[Stored entries]
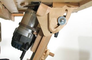 This is my tilting router lift. Being able to tilt a router lift really extends the possibilities for creating interesting molding even when using basic and inexpensive sets of router bits.
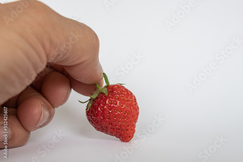 © Tobias, Obraz premium Erdbeere in der Hand isoliert auf weiß
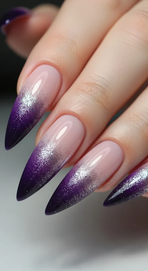 Ombre plus glitter creates subtle drama. Start with lilac at the base, blending into deeper purple tips. Lightly sprinkle fine glitter. Top with a clear coat for smooth finish. Works on medium to long nails. DIY-friendly using a sponge and brush. Glitter adds sparkle without heavy polish. Perfect for evenings or celebrations while keeping nails elegant and wearable.
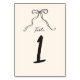 Whimsical bridal shower table number featuring a beautiful hand-drawn bow in a fun and playful style, accompanied by a casual, handwritten font that perfectly captures the excitement and joy of the occasion.
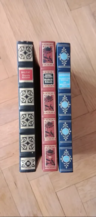 Tres colecciones de libros.
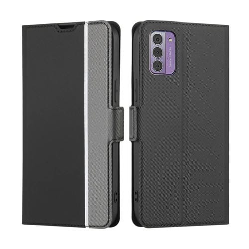 Funda de Cuero para Nokia G42 5G con Botón Lateral y Textura de Sarga (Negro)

REQUIRED WORK:
Reproduce exactly the part of the records above that begins at the line holding "Tres colecciones de libros." and ends at the final line, both included, leaving out the pictures.

WRITTEN SOLUTION:
 Tres colecciones de libros.
 Funda de Cuero para Nokia G42 5G con Botón Lateral y Textura de Sarga (Negro)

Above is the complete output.